The people should not be required to pay for the luxuries of murderers. A state does not have the right to demand that from its people.
A few considerations:
•
Prison guards: It's rough enough for prison guards in the United States, at least. A few of those luxuries help maintain what peace there is in a prison.
•
Prisoners' necessities: Is a library in a prison a luxury? Such facilities have proven in the past to be vital to prisoners' appeals of their convictions. And some of these prisoners have won their appeals on the grounds that
they are innocent.
•
Medical necessities: Hygiene and health are difficult enough issues in prisons. Should we put the guards at risk by allowing infections to run rampant among prisoners? Prisoners do receive medical care, and some have argued that this is excessive.
•
Communications: Prisoners, at present, are allowed to communicate with their families from time to time. There are even groups out there who remind us through
Dear Abby and other such media outlets to write to prisoners and so forth. Personally, I think there's something wrong with you if you need a prison pen-pal, but maybe there's something I'm missing.
•
Fundamental rights: One of the most macabre issues ever put before prisons in my time is freedom of religion--peyote and so forth. At present, if you're Christian, you're allowed to practice your religion in prison. The states even bring Christian preachers in to talk to the prisoners and to preach to them and convert them. The peyote cases, while seemingly laughable, raise an interesting question:
Why should public money go toward the promotion of one religion? I suppose we could remove all the Bibles and so forth from the prisons; well enough. But the presence of religion in prisons has proven to be useful, both in the rehabilitation of those who will get out, and in contributing to whatever sense of peace exists among prisoners. This is helpful to the guards, to say the least, and does help lower the amount of violence going on in prisons.

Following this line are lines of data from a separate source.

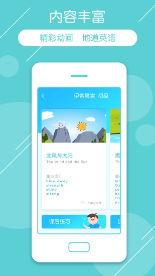 伊索寓言的精美动画搭配地道美式发音,通过反复跟读对话、借助讯飞语音精准打分,能轻松提升英语听力与口语发音能力。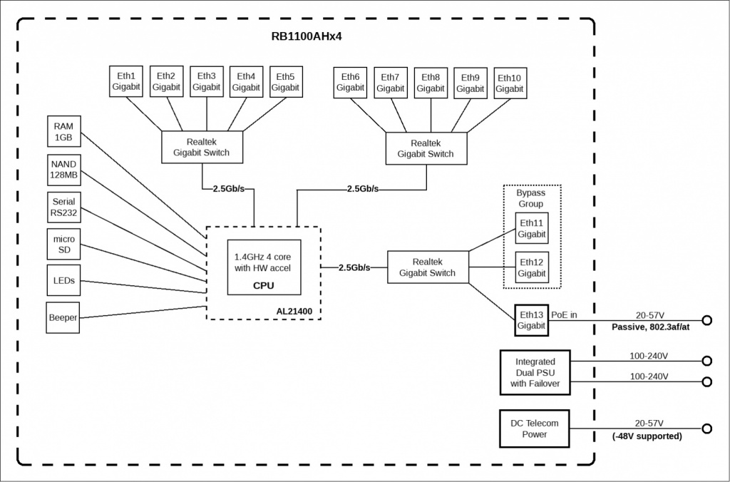 - Citas funkcijas: Introducing RB1100AHx4, 13x Gigabit Ethernet ports Router, powered by Annapurna Alpine AL21400 CPU with four Cortex A15 cores, clocked at 1.4GHz each, for a maximum throughput of up to 7.5Gbit. The device supports IPsec hardware acceleration (up to 2.2Gbps with AES128). Unit comes with 1U rackmount case, RS232 serial port and dual redundant power supplies (with -48v DC telecom power and 802.3at/af support).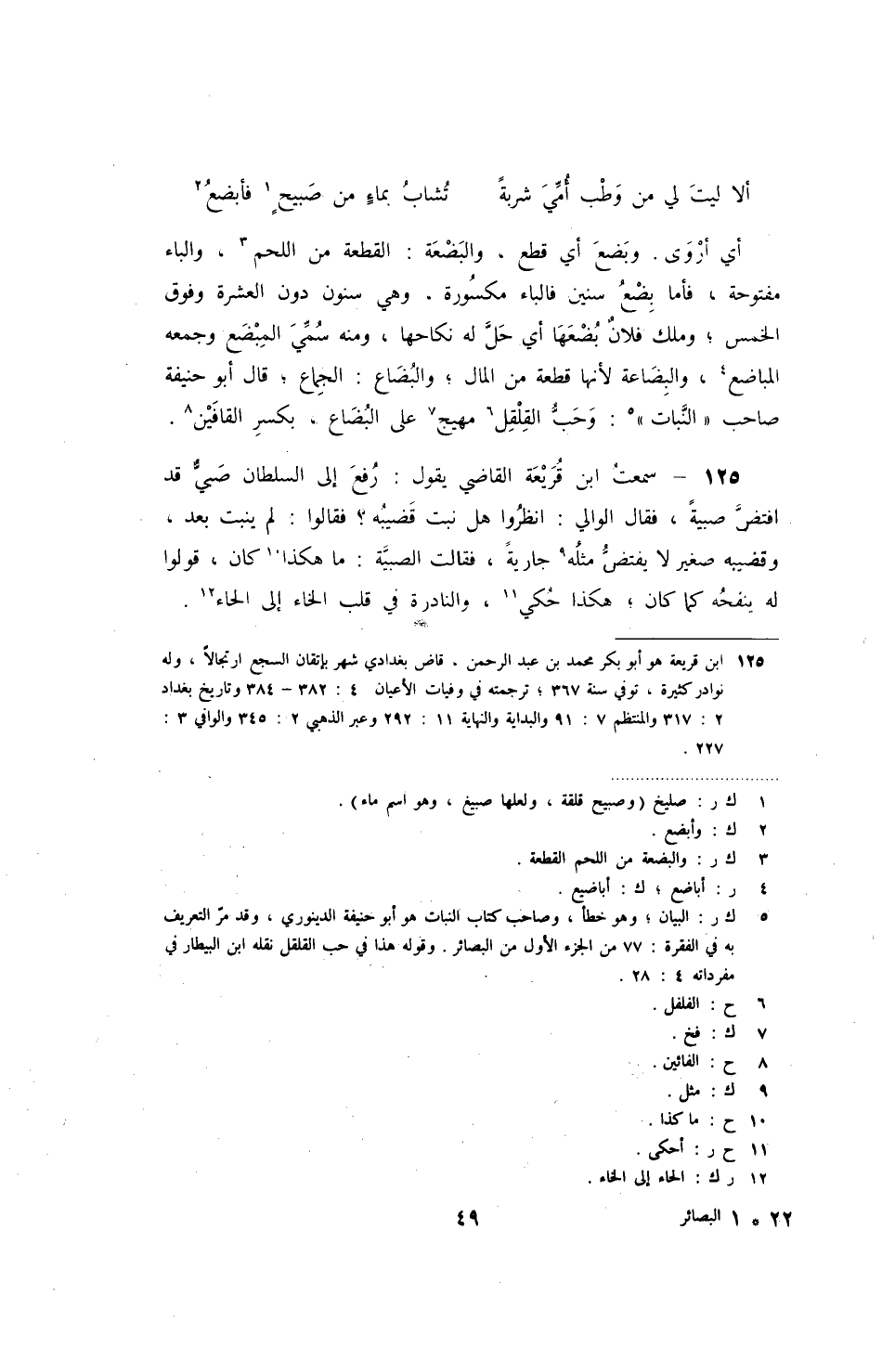 أي أروى. وبضع أي قطع، والبضعة: القطعة من اللحم، والباء مفتوحة، فأما بضع سنين فالباء مكسورة، وهي سنون دون العشرة وفوق الخمس؛ وملك فلان بضعها أي حل له نكاحها، ومنه سمي المبضع وجمعه المباضع، والبضاعة لأنها قطعة من المال؛ والبضاع: الجماع؛ قال أبو حنيفة صاحب النبات: وحب القلقل مهيج على البضاع، بكسر القافين.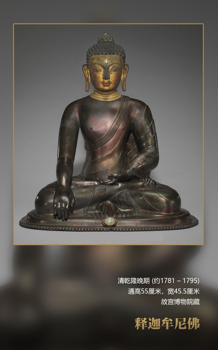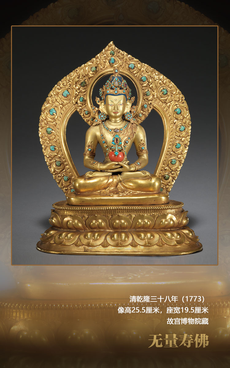 這尊造像與其他五十五尊同樣造型的無量壽佛,一同供奉在紫禁城養(yǎng)性殿西暖閣佛堂的一座八面七層的紫檀木佛塔中。根據(jù)《六世班禪洛桑巴丹益希傳》、內(nèi)務(wù)府造辦處《活計檔》及軍機(jī)處滿文檔案的記載,乾隆帝在乾隆三十五年(1770)寧壽宮區(qū)域營建開始前,即乾隆三十三年(1768)向六世班禪訂做了這五十六尊無量壽佛,佛像圖樣、鑲嵌寶石等材料均為宮廷提供。這些造像于乾隆三十八年完成并送回宮廷,此后一直供奉于養(yǎng)性殿佛堂至今。乾隆四十五年(1780)六世班禪進(jìn)京朝覲,還曾親自瞻仰過此塔此像。故這組無量壽佛,是乾隆時期宮廷審美與扎什倫布寺造像技術(shù)的高度融合,經(jīng)過乾隆帝本人親自設(shè)計,又有明確的制作時間,是清代宮廷造像及扎什倫布寺造像研究的重要標(biāo)型器物。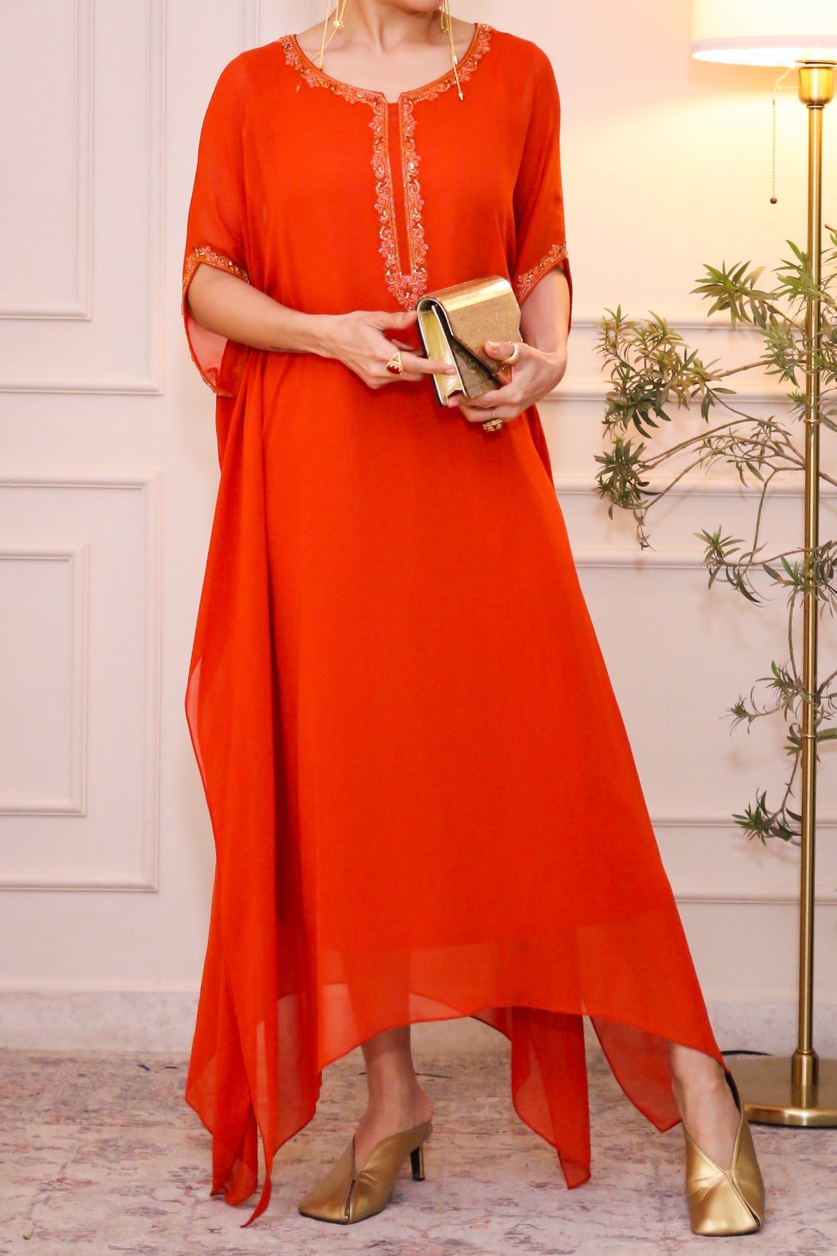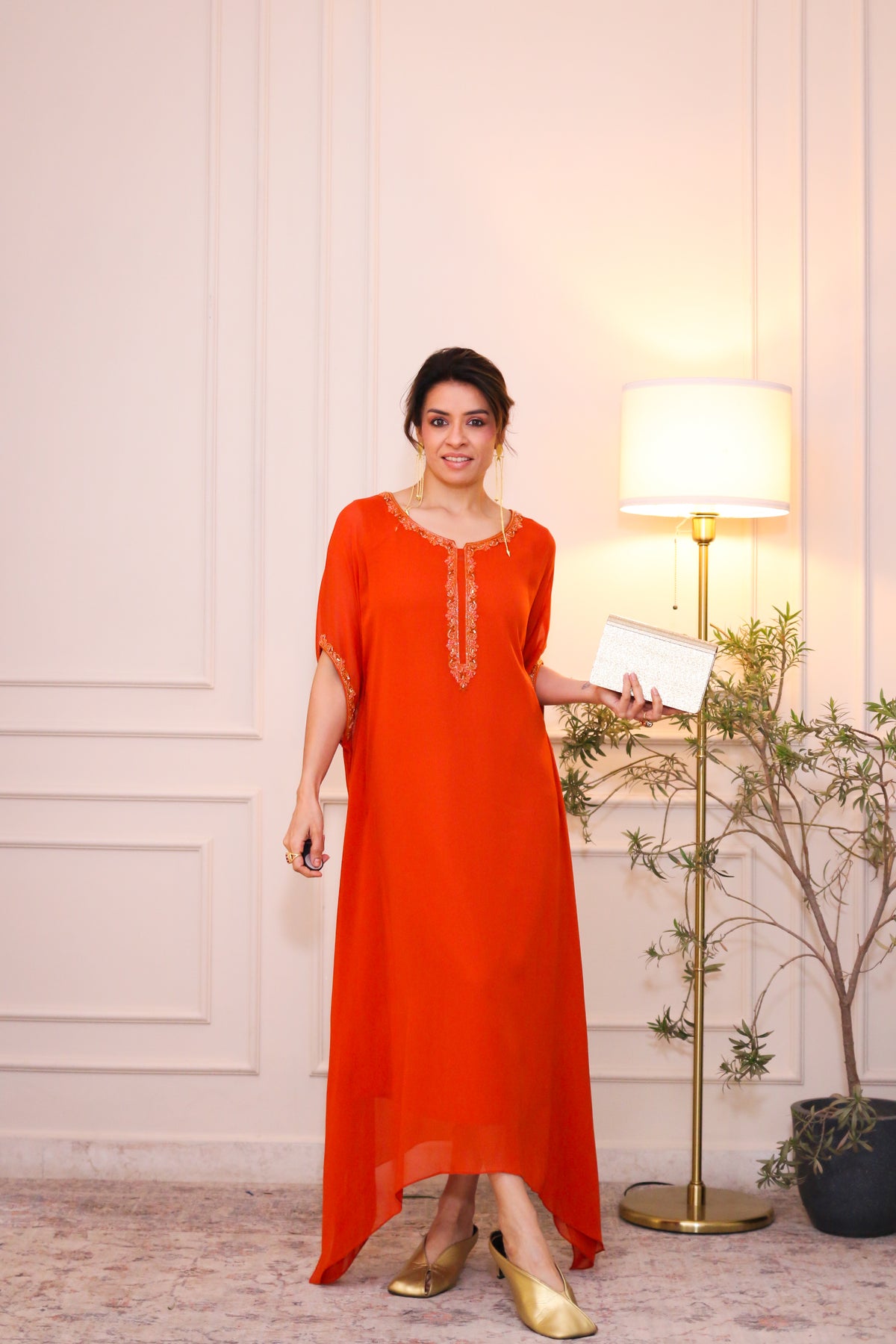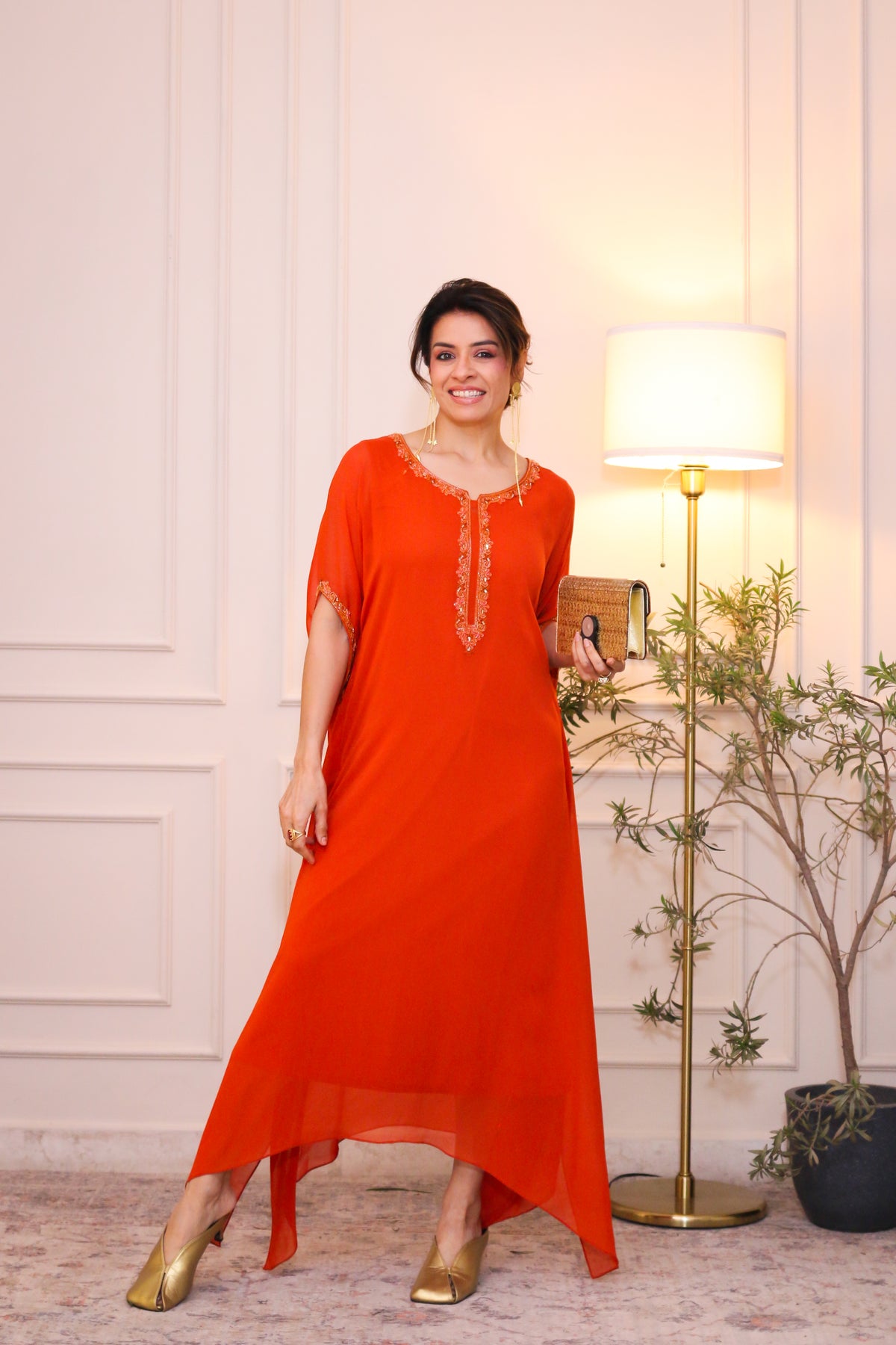 Description: Elegant tangerine kaftan crafted from viscose georgette fabric with hand embroidered neckline, featuring a flowy silhouette, breathable comfort, perfect for festive evenings and elegant occasions.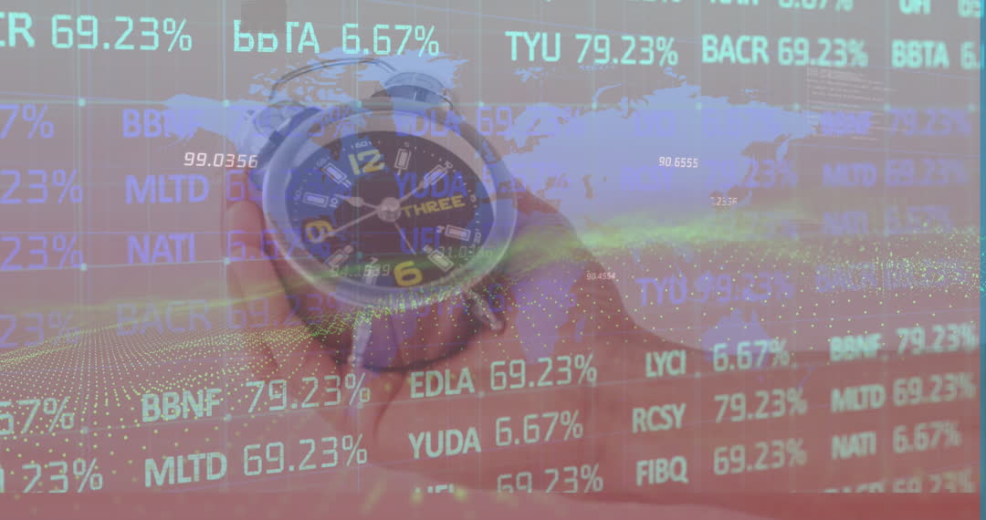 A hand holds a clock with a global map background overlaid with digital financial data, blending concepts of time management and advanced technology. Ideal for illustrating themes related to finance, global management, stock market dynamics, or digital innovation.

Just a few points on luxuries.
No, I don't recall where/when you "demand"ed someone explain something. It was about two weeks ago I think, if that helps.
In other words ...?
Three years old, fifteen, whatever. The point is that ignorance can not be a valid legal excuse unless absolutely proven. Otherwise all thsoe date-rapist college jocks would simply walk into court and say "Sorry dude, she looked 25", and that would be the end of it.
Date-rapist college jocks? How many of those date-rapist college jocks are raping high school girls? Date rape is a crime because intercourse takes place
without mutual consent. In case you'd forgotten, we're speaking of consent and deception about age.
What would I like? I would quite like a world in which people got to know their prospective sexual partners rather than shagging hither and thither on a whim. You may have noticed there are several terminal, contagious diseases roaming the globe, spread largely though sexual activity.
Has nothing to do with the subject at hand. Of course I would like to know my lovers better, but as long as we're being irrelevant, I might as well mention that it's six years later and my sexual partner is
still surprising me with character quirks.
As for the brains-scan thing, I'm not sure I like it. On the one hand it could prove innocence in court, which is great. Ont the other, its introduction and acceptance sets a very dangerous precedent. If it became common, how long would it be until the customs agents at airports install more developed devices which can, to some degree, determine a person's emotional state based on heat in the face and such? After that, maybe we'd see them somewhere else. Maybe anyone who is upset some day might be hauled in by the police and interrogated.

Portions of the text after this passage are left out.